Adil geçişin işçileri bir fabrika, bir tesis, bir iş yeri temelinde parçalamayı esas aldığını dile getiren Çoban, “Orada parçaladığı sınıfı aynı zamanda bireyler olarak atomize ediyor. O işçi bireye de diyor ki ‘Bak sen eğitim alırsan yeşil işlere gidebilirsin, yeteneklerine geliştirirsen şu sektörde iş bulabilirsin.’ Söz konusu iş yerinde işçilerin birlikte bir planlama yapması, birlikte önerilerde bulunması, iş birliği, dayanışma, kendi aralarında sınıf bilincine uygun eyleme geçme, bunların hiçbirine olanak sağlamıyor. Sadece sağladığı kariyer koçluğu! Dolayısıyla da işini kaybedebilecek işçiler arasında rekabeti körüklüyor ve bütün olarak sınıfın bütünlüğünü ve kolektif dayanışmasını, kolektif eyleme geçmesini de erozyona uğratıyor. Bu bakımdan, işçi sınıfının tarihsel, kolektif sınıfsal, mücadele birikimini ortadan kaldırıyor” dedi.

SERMAYENİN SORUMLULUĞU SÜMEN ALTI

Bu yönüyle adil geçişin, işçi sınıfını birleştiren değil, bölen bir proje olduğunu ifade eden Çoban, “İşçi sınıfını kapitalizme karşı değil de işyerindeki kendi arkadaşlarıyla rekabet haline getiren bireyler olarak varsaydığımızda işçi sınıfının kapitalizme karşı mücadele gücünü de ortadan kaldırmış olacak adil geçiş” dedi.

Adil geçiş sürecinde sermayenin sorumluluğunun tamamen sümen altı edildiğini kaydeden Çoban, devletin resmi yayınlarında sermayenin iklim değişimindeki sorumluluğundan hiç söz edilmediği gibi, sermayeden “yeşil dönüşümün motoru oldular” gibi olumlu ifadelerle bahsedildiğine dikkat çekiyor.

İSO 500 LİSTESİNİN GÖSTERDİĞİ

Oysa, Türkiye'de iklim krizinin sorumlularını bulmak için yeni yayınlanan İstanbul Sanayi Odası (İSO)'nın 500 şirket raporuna bakmanın yeterli olacağını kaydeden Çoban, “O sıralı listede ilk sekizde iki petrol rafinerisi, dört otomotiv şirketi var.

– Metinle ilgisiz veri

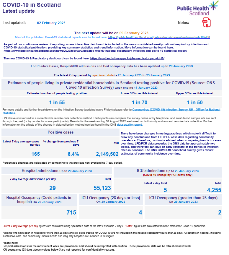 The weekly update by Public Health Scotland on Covid and Respiratory Cases on 2nd February 2023 is as follows:
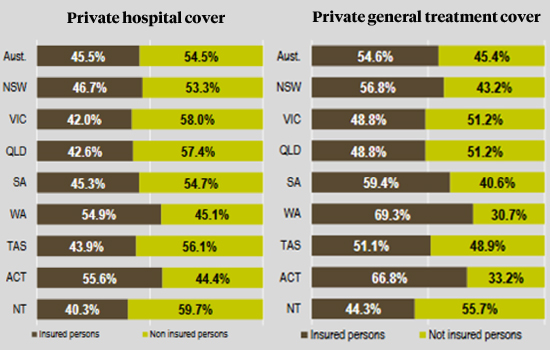 The numbers on private cover vary widely, but many Australians don’t have any. Source: APRA

Devamına baktığınız zaman da uzun listede çimento şirketleri, elektrik enerji üretim şirketleri, madencilik şirketleri, demir çelik şirketleri, savaş sanayi şirketleri… Şimdi niye 500 listeye bakmıyoruz da işçi sınıfının adil geçişiyle uğraşıyoruz?​” dedi. Bu 500 şirketin Türkiye’de sanayi gelirlerinin yüzde 40'ına sahip olduğunu aktaran Çoban, “Petrol rafinerileri bakımından, işte termik santraller bakımından tekel pozisyonundalar. AKP iktidarının olduğu 20 yıl boyunca 500 firmada çalışan işçilerin ortalama sömürülme oranı yüzde 363! Yani işçiler için ayrılan pay 100. İşçilerin yarattığı değerden sermayenin aldığı 363” dedi. 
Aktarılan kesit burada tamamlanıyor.